Dans les rares cas où j’étais assez bien pour passer du temps avec un ami, ils essayaient d’être encourageants en disant «tu as fière allure» ou «si ça te fait te sentir mieux, je ne peux pas le dire».

Je comprends qu’il est difficile pour les autres de savoir quoi dire dans ces situations difficiles et je ne leur reproche pas de ne pas dire ce que j’avais besoin d’entendre. Cependant, leurs encouragements sont tombés dans l’oreille d’un sourd. je été différent. J’étais étranger à moi-même et j’avais l’impression que personne ne comprenait. Alors que mon monde s’arrêtait littéralement, le reste du monde tournait follement.

Au fur et à mesure que mon traitement progressait, j’ai eu la chance de rencontrer d’autres survivants du TBI qui ont partagé leurs histoires avec moi. Comme je me sentais assez bien pour le faire, j’ai fait une partie de mes propres recherches sur Internet pour trouver des organisations de soutien aux personnes vivant avec un TCC.

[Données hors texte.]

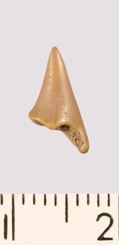 Зуб (фрагмент). Акула. Odontaspis venusta (Leriche, 1929). Классификация: Хордовые Chordata, Позвоночные Vertebrata, Хрящевые рыбы Chondrichthyes, Пластиножаберные Elasmobranchii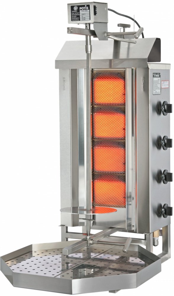 Plynový gril na kebab/gyros- Jednotka z nerezové oceli- 4-topná pole- Maximální hmotnost masa: 30 kg- Maximální výška masa: 470 mm- Spotřebič vybavený zásobníkem na tuk: 500 x 500 mm- Plocha hořáku: 500 x 135 mm- Jednotka splňuje všechny bezpečnostní předpisy* Je možné objednat výrobek vybavený zásobníkem na tuk s nestandardními rozměry

Une chose est devenue de plus en plus claire: un TBI ne ressemble à aucune autre blessure. Votre cerveau est qui vous êtes. Quand il est changé, cela change tout.

La société ne s’attendrait pas à ce qu’une personne avec une jambe cassée court un marathon avec un plâtre. Les TCC sont invisibles, et pour cette raison, d’après mon expérience, d’autres sous-estiment souvent l’effet qu’ils ont sur le bien-être physique, mental et émotionnel des survivants.

Si vous êtes quelqu’un avec un TBI ou connaissez quelqu’un avec un TBI, essayez de visualiser le «plâtre» sur son cerveau et, surtout, ralentissez pour marcher à ses côtés pendant qu’il guérit.